Issue (i): Whether the Income-tax Officer could reopen and reassess an item already considered and allowed in the original assessment under Section 34 of the Indian Income-tax Act, 1922.
Analysis: The reassessment provision was treated as wide enough to apply where income had not in fact been brought to tax, even if the omission resulted from a mistake made at the original assessment. The item of Rs. 39,492 had been allowed through error and was therefore treated as income that had escaped assessment within the meaning of the provision.
Conclusion: The reopening under Section 34 was valid and the challenge failed.
Issue (ii): Whether sums directed by the will to be paid out of income were assessable in the hands of the executors or were diverted before receipt so as to escape taxation.
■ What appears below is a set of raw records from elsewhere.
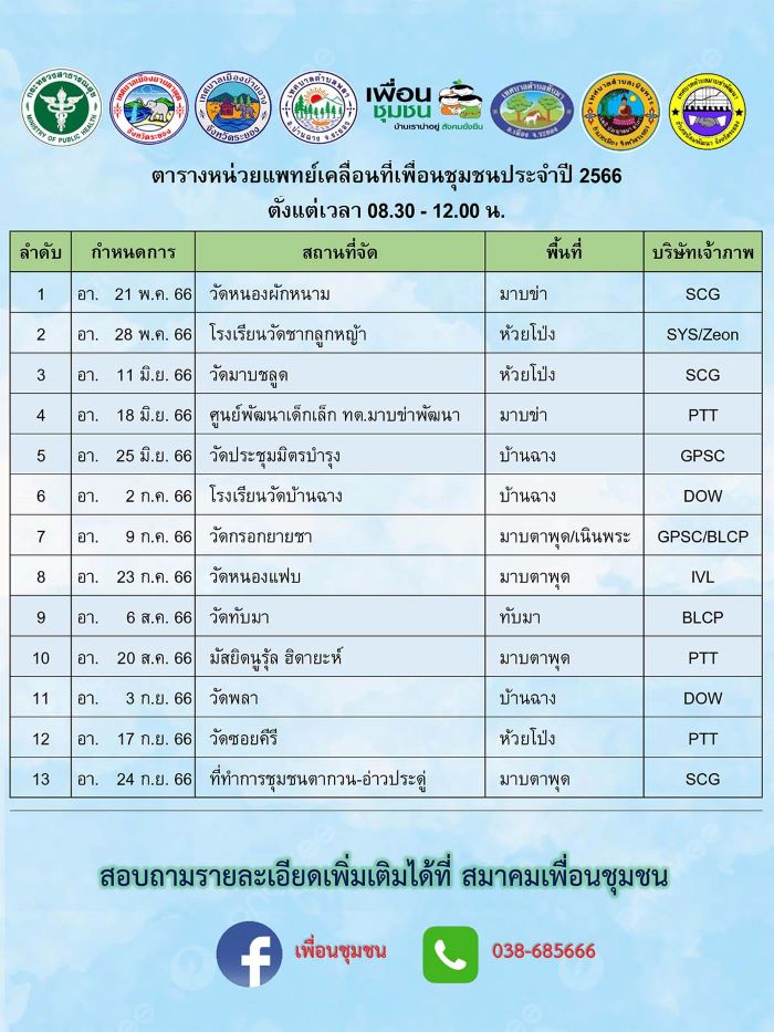 วันอาทิตย์ที่ 21 พ.ค. 2566 ณ วัดหนองผักหนาม, วันอาทิตย์ที่ 28 พ.ค. 2566 ณ โรงเรียนวัดชากลูกหญ้า, วันอาทิตย์ที่ 11 มิ.ย. 2566 ณ วัดมาบชลูด, วันอาทิตย์ที่ 18 มิ.ย. 2566 ณ ศูนย์พัฒนาเด็กเล็กฯ เทศบาลตำบลมาบข่าพัฒนา, วันอาทิตย์ที่ 25 มิ.ย. 2566 ณ วัดประชุมมิตรบำรุง, วันอาทิตย์ที่ 2 ก.ค. 2566 ณ โรงเรียนวัดบ้านฉาง, วันอาทิตย์ที่ 9 ก.ค. 2566 ณ วัดกรอกยายชา, วันอาทิตย์ที่ 23 ก.ค. 2566 ณ วัดหนองแฟบ, วันอาทิตย์ที่ 6 ส.ค. 2566 ณ วัดทับมา, วันอาทิตย์ที่ 20 ส.ค. 2566 ณ มัสยิดนูรุ้ล ฮิดายะห์, วันอาทิตย์ที่ 3 ก.ย. 2566 ณ วัดพลา, วันอาทิตย์ที่ 17 ก.ย. 2566 ณ วัดซอยคีรี, และวันอาทิตย์ที่ 24 ก.ย. 2566 ณ ที่ทำการชุมชนตากวน-อ่าวประดู่ ตั้งแต่เวลา 08.30 – 12.00 น.
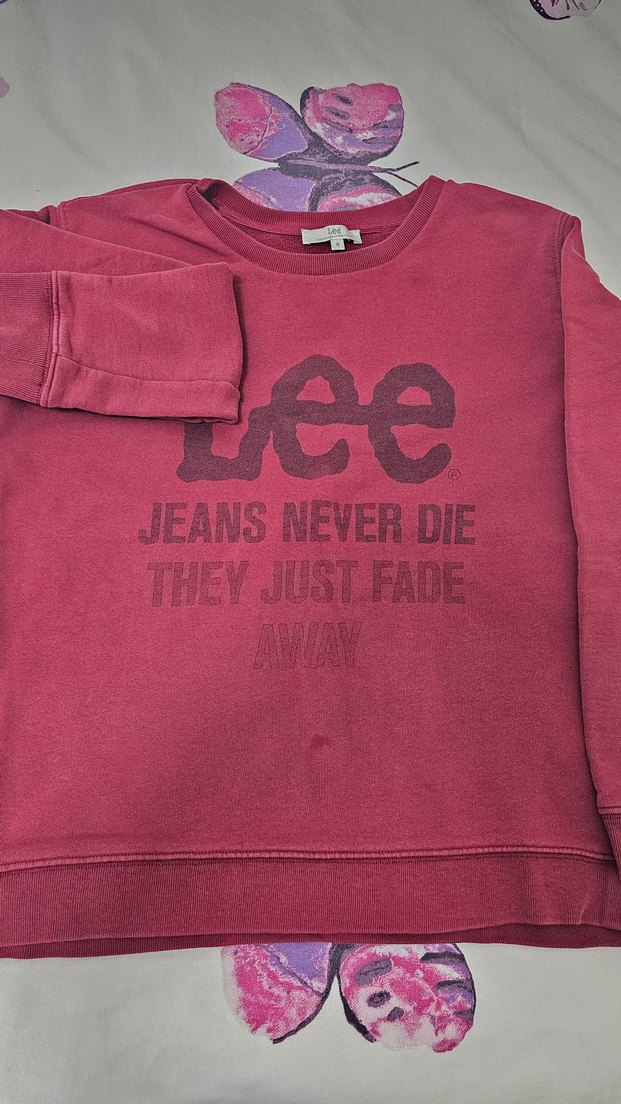 Kırmızı renkli, baskılı Lee sweatshirt, yuvarlak yaka ve uzun kolludur. Rahat kesimi ve yumuşak, sıcak kumaşıyla günlük kullanıma uygundur. 3lu fiyatidir. defolari var resimlerde gozukuyor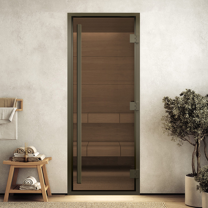 Дверь для хамама "Престиж бронза" в бронзовом профиле 1900х700

Analysis: Amounts directed to be paid out of the income received by the executors were held to be part of the income reaching them as executors. The Court distinguished cases of true diversion of income by an overriding title and treated these payments as charges or applications of income after receipt, not as income diverted away before accrual to the assessees. The same reasoning applied to the contention based on Section 40.
Conclusion: The sums remained taxable in the hands of the executors and the contention of diversion failed.
Final Conclusion: The assessees were not entitled to relief on either ground, and the reassessment and taxation of the disputed amounts were upheld.
Ratio Decidendi: Income is liable to reassessment under Section 34 of the Indian Income-tax Act, 1922 where it has in fact escaped assessment, including through an original mistake, and amounts received by executors remain taxable income where the will merely directs their application after receipt rather than effecting a diversion of income before accrual.